For certain, Big Hollywood will still be represented. Universal is plotting a stunt for “Cowboys & Aliens,” which has the advantage of a July 29 release date, when memories of a Comic-Con splash will be fresh. Paramount plans to trot out “The Adventures of Tintin: The Secret of the Unicorn,” with a possible appearance by its director, Steven Spielberg.
Twentieth Century Fox is expected to tackle Comic-Con head-on, particularly with its “Rise of the Planet of the Apes,” which arrives in theaters on Aug. 5. And Sony will roll out an aggressive promotion for its “The Amazing Spiderman,” even though the film won’t be seen until July 2012.
And the light schedule of some major studios leaves a void that newer players want to fill. Relativity Media, once a film financier and now a producer, is expected to make a push at the convention for “Immortals” and “The Raven,” while promoting “Shark Night 3-D,” which is bloodier than the convention usually tolerates.
Among smaller studios, Lionsgate, which won strong results last year for “The Expendables,” will be back; and Summit Entertainment will stage a panel for “The Twilight Saga: Breaking Dawn — Part 1.”
The industry has also realized that Comic-Con’s timing, in late July, is actually friendlier to TV shows, which are getting revved up for fall debuts.
Fox plans to increase its Comic-Con footprint, mounting promotions for at least 10 series, including “Terra Nova,” a dinosaur show produced by Mr. Spielberg. Warner’s Digital operation is planning to promote several original Web series, including “Mortal Kombat: Legacy,” and Warner’s TV division wouldn’t mind stealing the show.

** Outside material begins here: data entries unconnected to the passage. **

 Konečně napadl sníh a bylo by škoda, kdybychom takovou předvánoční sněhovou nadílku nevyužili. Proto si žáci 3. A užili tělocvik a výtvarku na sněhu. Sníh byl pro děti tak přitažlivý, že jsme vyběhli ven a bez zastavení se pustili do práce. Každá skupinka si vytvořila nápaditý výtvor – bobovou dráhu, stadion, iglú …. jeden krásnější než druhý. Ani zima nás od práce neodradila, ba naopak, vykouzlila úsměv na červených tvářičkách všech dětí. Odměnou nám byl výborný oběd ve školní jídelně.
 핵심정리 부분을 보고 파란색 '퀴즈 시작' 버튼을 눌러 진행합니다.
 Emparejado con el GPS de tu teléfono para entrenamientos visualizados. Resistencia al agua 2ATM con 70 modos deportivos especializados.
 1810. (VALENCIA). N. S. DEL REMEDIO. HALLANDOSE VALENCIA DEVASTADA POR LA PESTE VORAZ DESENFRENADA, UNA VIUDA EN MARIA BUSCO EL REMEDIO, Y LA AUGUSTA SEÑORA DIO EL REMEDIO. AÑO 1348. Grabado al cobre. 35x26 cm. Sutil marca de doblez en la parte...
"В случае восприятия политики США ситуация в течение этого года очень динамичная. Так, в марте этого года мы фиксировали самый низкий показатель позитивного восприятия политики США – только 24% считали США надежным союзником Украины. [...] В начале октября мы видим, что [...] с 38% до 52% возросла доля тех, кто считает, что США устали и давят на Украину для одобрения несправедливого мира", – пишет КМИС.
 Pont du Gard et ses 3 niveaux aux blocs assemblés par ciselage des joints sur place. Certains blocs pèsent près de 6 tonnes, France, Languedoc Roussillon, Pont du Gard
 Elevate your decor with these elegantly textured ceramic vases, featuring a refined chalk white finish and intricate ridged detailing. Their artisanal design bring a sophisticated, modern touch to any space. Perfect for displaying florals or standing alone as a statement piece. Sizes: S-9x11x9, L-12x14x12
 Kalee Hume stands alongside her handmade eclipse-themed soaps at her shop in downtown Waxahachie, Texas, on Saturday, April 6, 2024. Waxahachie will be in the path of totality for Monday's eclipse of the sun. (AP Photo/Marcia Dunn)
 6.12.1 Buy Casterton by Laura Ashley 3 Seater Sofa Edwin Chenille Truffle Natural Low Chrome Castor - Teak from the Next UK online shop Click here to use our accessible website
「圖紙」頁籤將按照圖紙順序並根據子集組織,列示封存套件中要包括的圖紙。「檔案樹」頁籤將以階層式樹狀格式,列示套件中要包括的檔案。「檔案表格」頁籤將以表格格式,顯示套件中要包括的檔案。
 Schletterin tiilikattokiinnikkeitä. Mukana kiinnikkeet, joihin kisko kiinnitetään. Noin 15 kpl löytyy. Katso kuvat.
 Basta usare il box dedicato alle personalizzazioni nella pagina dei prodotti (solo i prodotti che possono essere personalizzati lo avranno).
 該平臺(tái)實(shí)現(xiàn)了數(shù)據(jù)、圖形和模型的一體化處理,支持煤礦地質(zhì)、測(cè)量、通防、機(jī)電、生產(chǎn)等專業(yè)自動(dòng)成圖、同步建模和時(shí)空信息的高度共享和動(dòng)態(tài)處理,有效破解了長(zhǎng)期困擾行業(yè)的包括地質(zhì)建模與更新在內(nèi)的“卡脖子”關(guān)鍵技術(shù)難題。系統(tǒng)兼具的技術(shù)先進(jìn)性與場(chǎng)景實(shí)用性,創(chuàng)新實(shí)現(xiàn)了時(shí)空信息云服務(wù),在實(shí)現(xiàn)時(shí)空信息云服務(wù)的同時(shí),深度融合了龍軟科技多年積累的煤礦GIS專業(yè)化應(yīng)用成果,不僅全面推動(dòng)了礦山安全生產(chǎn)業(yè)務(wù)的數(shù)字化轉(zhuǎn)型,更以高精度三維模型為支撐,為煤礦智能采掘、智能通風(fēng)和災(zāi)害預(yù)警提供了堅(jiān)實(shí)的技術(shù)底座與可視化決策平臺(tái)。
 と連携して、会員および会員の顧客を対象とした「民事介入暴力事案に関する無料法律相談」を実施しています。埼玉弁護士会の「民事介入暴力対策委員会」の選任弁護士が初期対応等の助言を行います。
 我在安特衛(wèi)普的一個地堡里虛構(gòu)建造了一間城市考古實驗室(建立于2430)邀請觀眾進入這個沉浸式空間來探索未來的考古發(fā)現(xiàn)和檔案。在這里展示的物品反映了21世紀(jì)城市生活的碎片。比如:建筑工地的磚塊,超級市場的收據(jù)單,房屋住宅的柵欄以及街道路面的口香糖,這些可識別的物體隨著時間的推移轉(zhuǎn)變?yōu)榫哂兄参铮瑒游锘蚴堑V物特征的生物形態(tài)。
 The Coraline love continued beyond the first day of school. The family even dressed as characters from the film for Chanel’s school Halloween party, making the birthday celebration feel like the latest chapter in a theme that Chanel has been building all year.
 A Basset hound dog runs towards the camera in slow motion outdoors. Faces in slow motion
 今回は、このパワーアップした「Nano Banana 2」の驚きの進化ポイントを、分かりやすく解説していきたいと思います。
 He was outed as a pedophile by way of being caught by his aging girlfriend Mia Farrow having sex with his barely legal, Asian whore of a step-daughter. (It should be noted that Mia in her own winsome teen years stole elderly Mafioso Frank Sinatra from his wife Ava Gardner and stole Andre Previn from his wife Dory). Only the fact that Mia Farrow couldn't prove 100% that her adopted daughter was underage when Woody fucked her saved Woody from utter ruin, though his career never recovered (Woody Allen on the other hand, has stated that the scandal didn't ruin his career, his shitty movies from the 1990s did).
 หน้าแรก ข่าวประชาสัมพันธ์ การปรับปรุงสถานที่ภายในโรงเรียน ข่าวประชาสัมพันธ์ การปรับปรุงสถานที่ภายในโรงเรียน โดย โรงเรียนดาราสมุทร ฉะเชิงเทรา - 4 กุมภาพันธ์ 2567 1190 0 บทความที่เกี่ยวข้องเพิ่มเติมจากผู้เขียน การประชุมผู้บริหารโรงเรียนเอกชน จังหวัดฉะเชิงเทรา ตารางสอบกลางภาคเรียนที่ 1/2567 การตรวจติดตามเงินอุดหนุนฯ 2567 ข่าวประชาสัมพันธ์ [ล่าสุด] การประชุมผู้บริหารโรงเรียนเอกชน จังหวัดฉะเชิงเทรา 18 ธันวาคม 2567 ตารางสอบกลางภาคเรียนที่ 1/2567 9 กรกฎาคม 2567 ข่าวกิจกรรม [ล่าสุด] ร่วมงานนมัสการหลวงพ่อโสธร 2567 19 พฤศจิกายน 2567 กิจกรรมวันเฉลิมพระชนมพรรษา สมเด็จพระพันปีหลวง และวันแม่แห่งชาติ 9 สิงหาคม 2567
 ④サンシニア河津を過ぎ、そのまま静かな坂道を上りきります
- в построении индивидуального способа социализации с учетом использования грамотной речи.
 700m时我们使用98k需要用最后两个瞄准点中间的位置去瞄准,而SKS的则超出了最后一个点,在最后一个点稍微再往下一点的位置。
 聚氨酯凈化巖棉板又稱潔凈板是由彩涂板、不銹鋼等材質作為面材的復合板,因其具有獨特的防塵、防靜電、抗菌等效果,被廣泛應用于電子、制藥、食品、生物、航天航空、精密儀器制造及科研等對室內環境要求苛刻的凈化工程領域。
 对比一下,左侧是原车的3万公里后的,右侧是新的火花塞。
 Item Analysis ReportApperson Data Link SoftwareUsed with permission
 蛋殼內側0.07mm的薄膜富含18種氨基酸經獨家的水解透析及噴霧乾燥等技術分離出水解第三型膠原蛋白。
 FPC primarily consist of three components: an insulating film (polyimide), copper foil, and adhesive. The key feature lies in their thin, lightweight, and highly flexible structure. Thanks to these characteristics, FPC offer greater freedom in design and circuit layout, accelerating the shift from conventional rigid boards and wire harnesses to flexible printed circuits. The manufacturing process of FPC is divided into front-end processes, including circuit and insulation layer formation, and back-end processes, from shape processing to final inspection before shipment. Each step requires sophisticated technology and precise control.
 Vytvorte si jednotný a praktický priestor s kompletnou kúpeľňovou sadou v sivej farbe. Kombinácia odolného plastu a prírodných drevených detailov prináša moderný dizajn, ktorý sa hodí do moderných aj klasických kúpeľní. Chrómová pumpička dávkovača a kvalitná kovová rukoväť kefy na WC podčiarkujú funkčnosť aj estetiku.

“We’re certainly hoping to,” said Lisa Gregorian, chief marketing officer for the Warner Brothers Television Group, which plans to promote as many as 16 shows — including returning ones “Big Bang Theory” and “Chuck” — at the convention.
Still, even Ms. Gregorian, who said she had spent six months planning to reach fans at Comic-Con — whom she calls “evangelists” — doesn’t foresee her medium displacing the movies in the convention’s Hall H, which annually takes on the aura of a pop cinematic shrine.
“That’s a creative decision by the convention,” she said of the movies’ pride of place in the largest room. “We’re very respectful of that.”